**Task brief**
Transcribe all of the records, leaving out any pictures.

*** The data ***

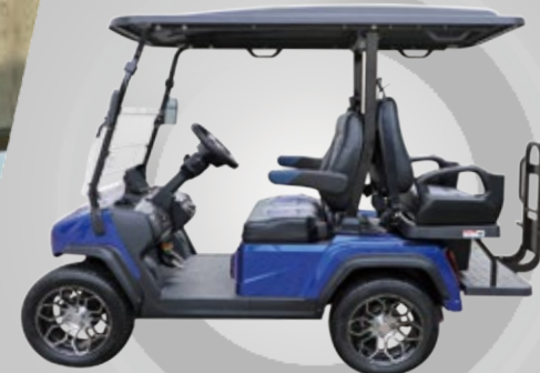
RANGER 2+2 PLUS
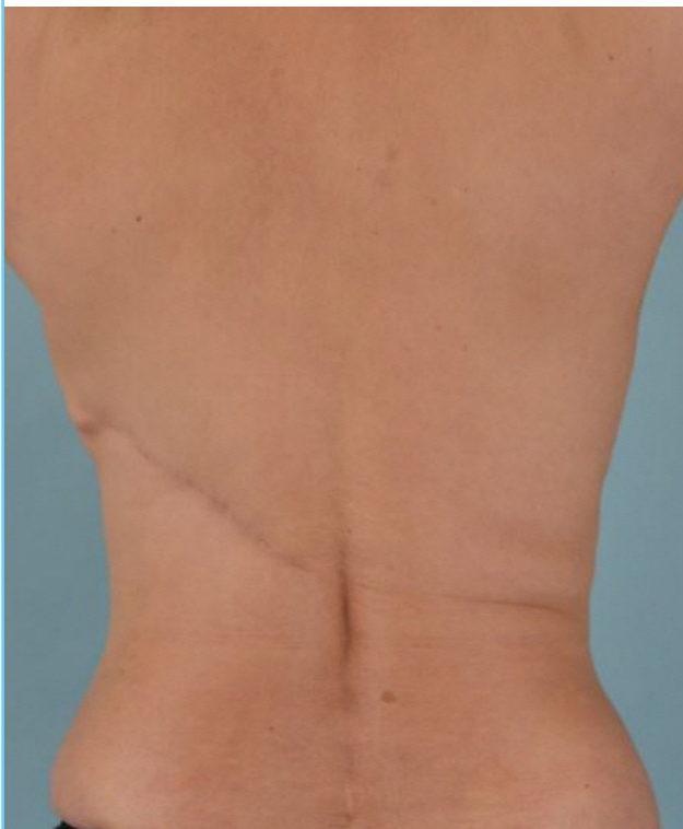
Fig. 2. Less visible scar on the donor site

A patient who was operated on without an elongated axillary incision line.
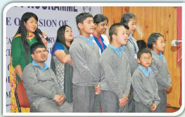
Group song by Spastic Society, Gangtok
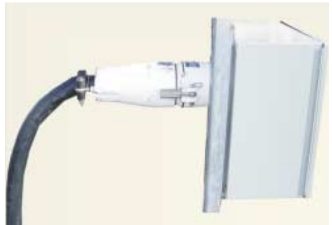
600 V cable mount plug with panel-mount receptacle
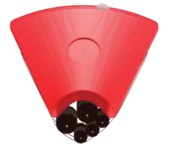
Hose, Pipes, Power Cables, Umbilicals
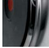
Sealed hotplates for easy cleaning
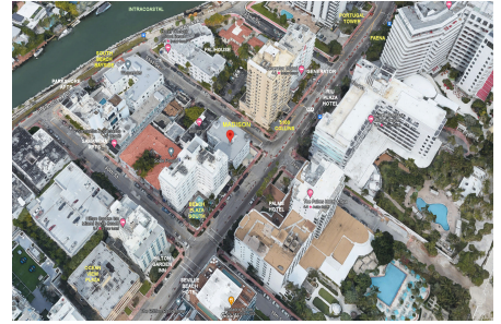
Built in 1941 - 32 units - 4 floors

*** End of The data ***

**Task response**
RANGER 2+2 PLUS
Fig. 2. Less visible scar on the donor site

A patient who was operated on without an elongated axillary incision line.
Group song by Spastic Society, Gangtok
600 V cable mount plug with panel-mount receptacle
Hose, Pipes, Power Cables, Umbilicals
Sealed hotplates for easy cleaning
Built in 1941 - 32 units - 4 floors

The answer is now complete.